91. De ce point de vue, les commissaires aux comptes exercent les mêmes fonctions que le droit italien des sociétés - comme on le verra plus loin - confie au réviseur légal ou à la société de révision légale. Dans l’exercice de leur mission, les commissaires aux comptes sont aussi investis de fonctions spécifiques. A ce titre, ils sont appelés à établir un rapport spécial relatif à certains évènements ou situations particulières de la vie de la société (tels qu'augmentation du capital en cas de compensation avec de

créances sur la société en cas de suppression du droit préférentiel souscription, réduction du capital, émission d’obligations convertibles en actions, distribution d'acomptes sur dividendes, transformation de société …), qui nécessitent d’un éclairage

ponctuel.

Depuis la loi n°84-148 du 1er mars 1984, relative à la prévention et au règlement amiable des difficultés des entreprises, les commissaires aux comptes sont impliqués dans la procédure d’alerte finalisée à détecter et prévenir toute situation de difficultés des entreprises. S’ils constatent des faits susceptibles de compromettre la continuité et l’exploitation de l’entreprise, ils doivent informer le président et les dirigeants de la société.
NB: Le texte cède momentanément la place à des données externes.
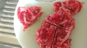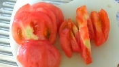 トマトのヘタを取り除き 1cm 幅に輪切りにカットする さらに 棒状になるように 1cm幅に カットする

En cas de réponse non satisfaisante de la direction, les commissaires aux comptes peuvent provoquer l’intervention du conseil d’administration et présenter un rapport à l’assemblée générale des actionnaires, que, d’ailleurs, ils peuvent convoquer eux - mêmes en cas d’urgence.
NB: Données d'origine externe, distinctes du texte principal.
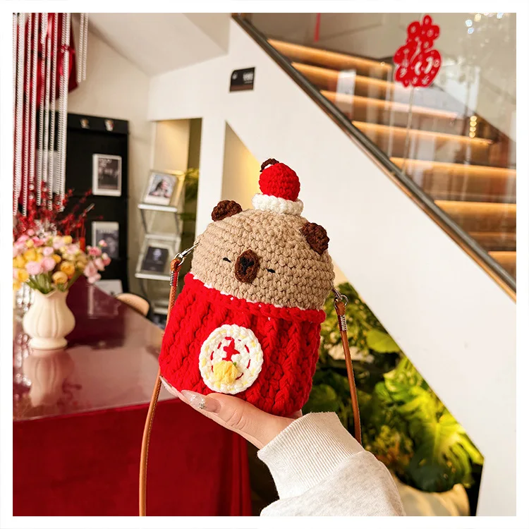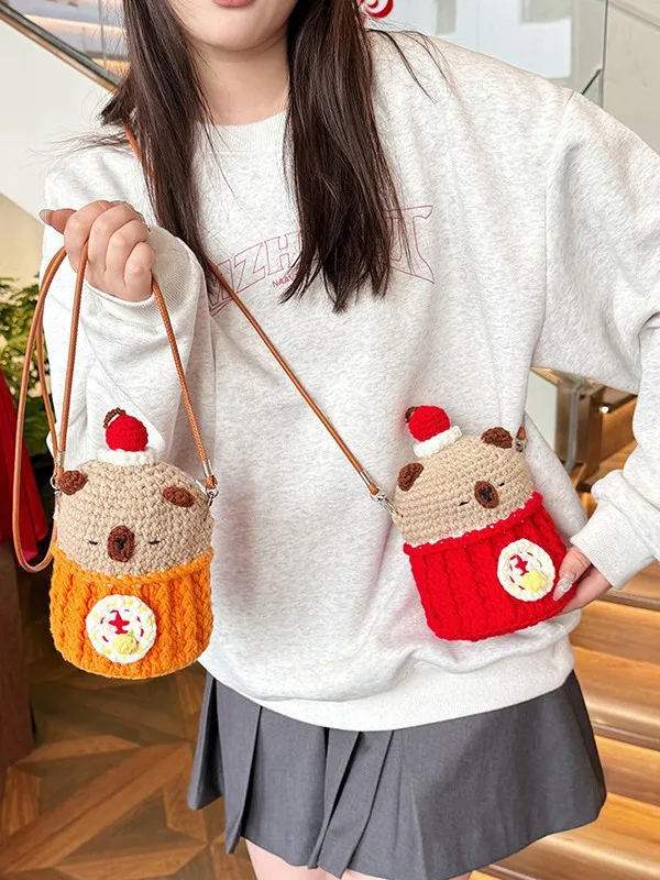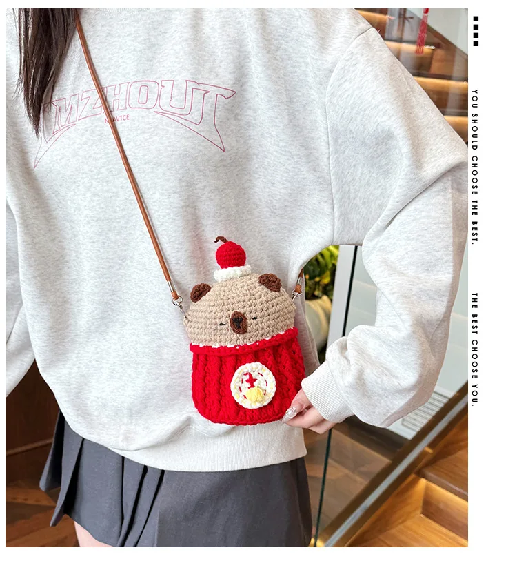 High-Quality Knit Phone Bag Large Capacity Single Shoulder Bag Adorable Pure Handmade Crochet Bag

Toujours dans l'esprit de préserver l’intérêt général de la société, les commissaires aux comptes ont l’obligation de révéler au procureur de la République tout fait délictueux commis au sein de la société dont ils ont eu connaissance au cours de l’exercice de leur mission164.

92. Pour bien accomplir de leur mission, les commissaires aux comptes disposent de moyens pour accéder aux informations pertinentes de la société. Le Code de commerce dispose qu’ils peuvent, à toute époque de l’année, ensemble ou séparément, opérer toutes vérifications et tous contrôles qu’ils jugent opportuns, auprès de la société mère et de ses filiales. A cet effet, ils peuvent se faire communiquer sur place toutes les pièces utiles à l’exercice de leur mission, et notamment tous contrats, documents comptables et registres de procès-verbaux165.
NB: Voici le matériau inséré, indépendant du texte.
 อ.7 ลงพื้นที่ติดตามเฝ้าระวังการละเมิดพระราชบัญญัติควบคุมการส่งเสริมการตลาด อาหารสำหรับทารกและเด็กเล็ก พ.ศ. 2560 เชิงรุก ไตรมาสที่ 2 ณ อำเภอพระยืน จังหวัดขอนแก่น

Les commissaires aux comptes ont aussi l’obligation de participer aux réunions du conseil d’administration qui examinent ou arrêtent les comptes annuels ou intermédiaires de l’entreprise, et à toute assemblée générale des actionnaires166. Et ils ont la faculté de se faire assister ou représenter par des experts ou des collaborateurs de leur choix, qui agissent sous leur responsabilité.